Anna’s continuation is the closest thing we will ever have to authorial intention — not because she had been told the plot (there is no reason to think Austen ever spoke of it) but because she understood, by ear and by family habit, what an Austen novel sounded like.
The other continuations
Alice Cobbett, 1932
The first published continuation: Somehow Lengthened: A Development of Sanditon. A free completion in the manner of 1930s historical romance, more interested in the Sanditon resort itself than in the central characters.
“Another Lady” (Marie Dobbs), 1975
The single most-read modern completion.

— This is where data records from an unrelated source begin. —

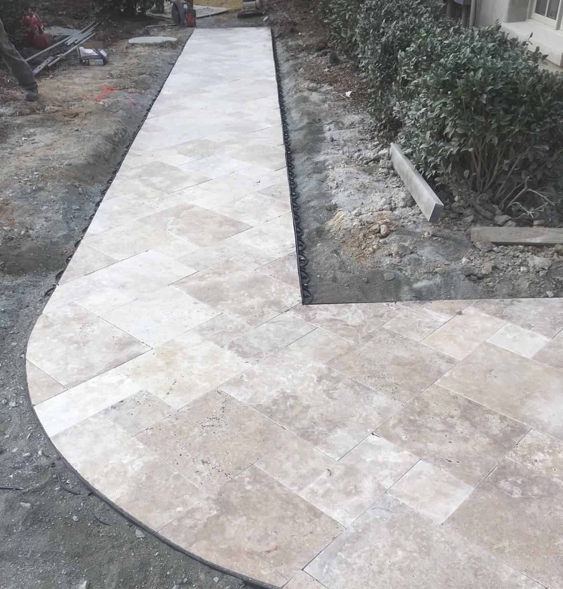 In this series, our guys used Dublin Fossil Beige pavers to build this walkway down a steep slope to the Lake.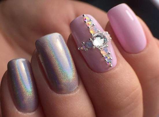 - пудра отлично сочетается с другим декором для нейл-арта, например, со стразами, фольгой, блестящими полосками;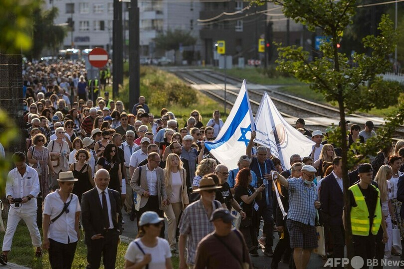 【7月23日 AFP】ポーランドで22日、第2次世界大戦(World War II)中にナチス・ドイツ(Nazi)が首都ワルシャワに設置したユダヤ人隔離居住区「ワルシャワ・ゲットー」から中部トレブリンカ(Treblinka)強制収容所へのユダヤ人の移送を開始した日から80年の節目を迎えた。市内では犠牲者を追悼する行進が行われ、大勢が犠牲者の名前が書かれたリボンを手に参加した。

Marie Dobbs, writing as “Another Lady” (echoing the “By a Lady” of Sense and Sensibility’s title page), published her completion through Peter Davies in 1975. The book has remained in print, in various editions, almost continuously since. Dobbs solves the Sir Edward Denham seduction plot as comedy — Edward is foiled and ridiculous; Clara is rescued; Charlotte marries Sidney; the resort, mostly, survives. It is the version most readers think of when they think of “the finished Sanditon.”
Julia Barrett, 1996
Jane Austen’s Charlotte: Her Fragment of a Last Novel Completed. More romantic in colouring than Dobbs; pushes the Charlotte/Sidney plot forward more vigorously.
D. J. Eden, 2002
A Completion of Sanditon. A quieter, less invented continuation.
Juliette Shapiro, 2008
Sanditon: Jane Austen’s Unfinished Masterpiece Completed.
And dozens of others
The Jane Austen Society of North America’s bibliography lists at least twenty further attempts. Sanditon is, in this respect, the most-completed unfinished novel in English literature — more often finished than even Dickens’s Edwin Drood.

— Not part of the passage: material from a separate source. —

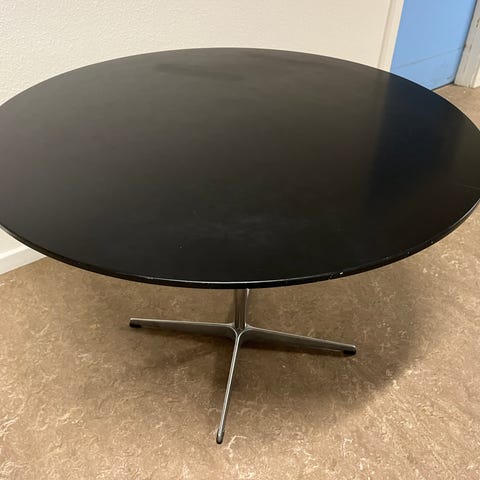 Fritz Hansen Arne Jacobsen spisebord med rundt bordplade i palisander finer. Designet af Arne Jacobsen, bordet har et solidt stel og en glat overflade. Egnet til spisestue eller mødelokale, designet til at rumme flere personer komfortabelt. Bord med 6-grenet søjlefod. Bordpladen trænger til en let slibning derfor prisen.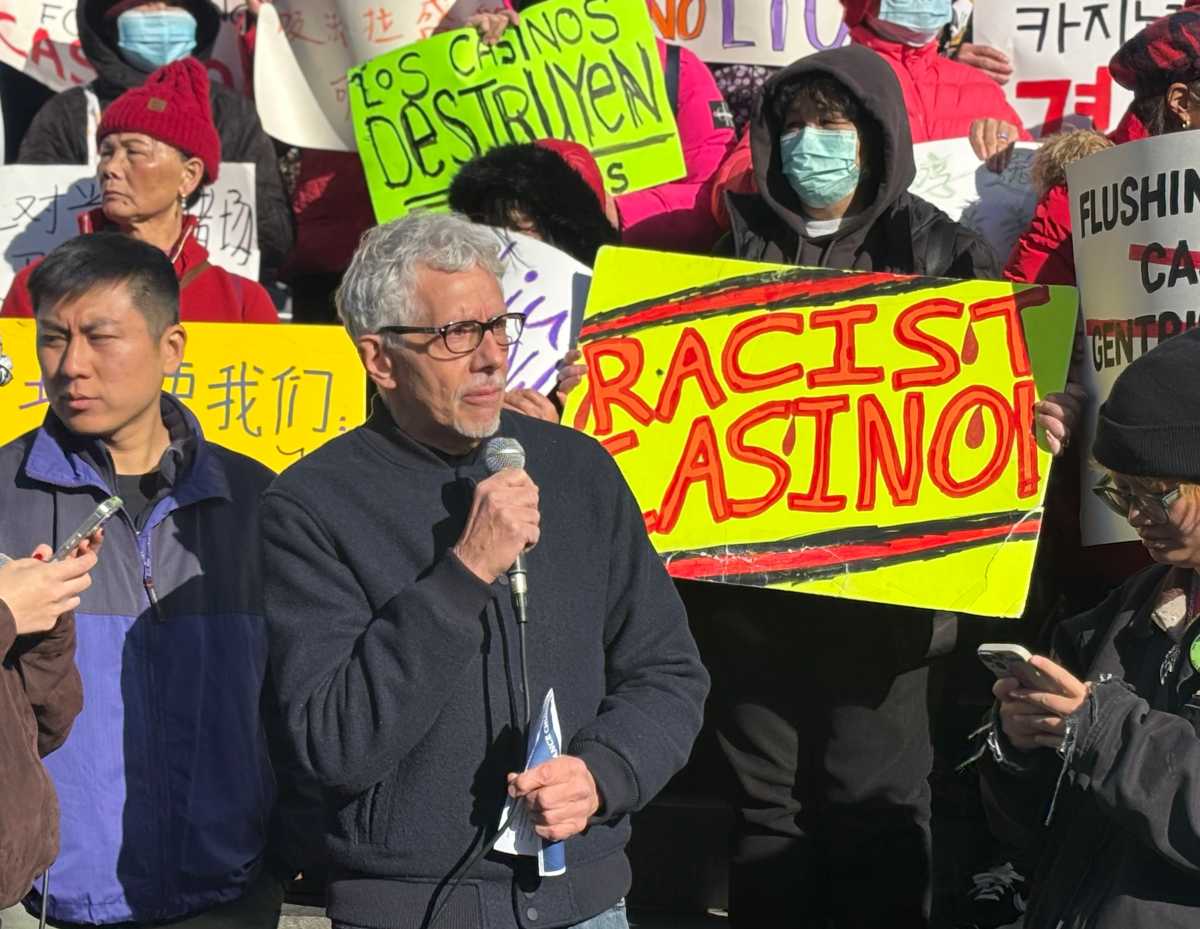 Bao Jin Qiu, a Flushing resident and retired home care worker, argued that it does not just impact the individual gambler, but it had consequences for entire families. She delivered a passionate speech in Mandarin, which was then translated by an emcee, about her family’s experience with gambling addiction.

The Andrew Davies television series
In 2019, screenwriter Andrew Davies — whose 1995 BBC Pride and Prejudice is the canonical television Austen — brought Sanditon to ITV (and PBS Masterpiece in the United States). Eight episodes; Rose Williams as Charlotte; Theo James as Sidney Parker; Crystal Clarke as Georgiana Lambe (the series’ expansion of Austen’s Miss Lambe). The first half-season followed the manuscript closely; the back half extrapolated, with Davies’s usual attention to the unspoken physical undertow of Regency social life.
ITV cancelled the show after one season. Public fan response — spearheaded by the “Sanditon Sisterhood” campaign — pushed PBS Masterpiece to commission two further seasons independently. Series 2 (2022) proceeded without Theo James and without Davies, with mixed reception. Series 3 (2023) closed out the story. Across the three seasons the show invented almost everything past Chapter XII of the manuscript — meaning that, for many viewers, the on-screen ending is now the “Sanditon” ending, even though it bears no necessary relation to anything Jane Austen wrote.

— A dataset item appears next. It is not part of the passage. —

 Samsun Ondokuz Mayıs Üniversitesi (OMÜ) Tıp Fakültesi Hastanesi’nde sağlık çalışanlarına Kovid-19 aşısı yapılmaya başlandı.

For browsers seeking the original: the manuscript stops on Chapter XII. Everything after that is somebody else’s book.
Reading recommendations
- If you want Austen herself: read the twelve fragmentary chapters on this site, then stop. Many readers find the fragment’s incompleteness part of its power.
- If you want the family ending: Anna Lefroy’s continuation (in Marshall’s 1983 edition, or in Janet Todd’s Cambridge Companion).
- If you want a satisfying finish: Marie Dobbs / “Another Lady” (1975) is still the most readable.
- If you want scholarship: Brian Southam, Jane Austen’s ‘Sir Charles Grandison’ (1980); Kathryn Sutherland, Jane Austen’s Textual Lives (2005).
- If you want the manuscript itself: the Jane Austen Manuscript Project (King’s College Cambridge / Oxford / the British Library) hosts a digital facsimile of every surviving leaf, including the pencil work of the last sheets.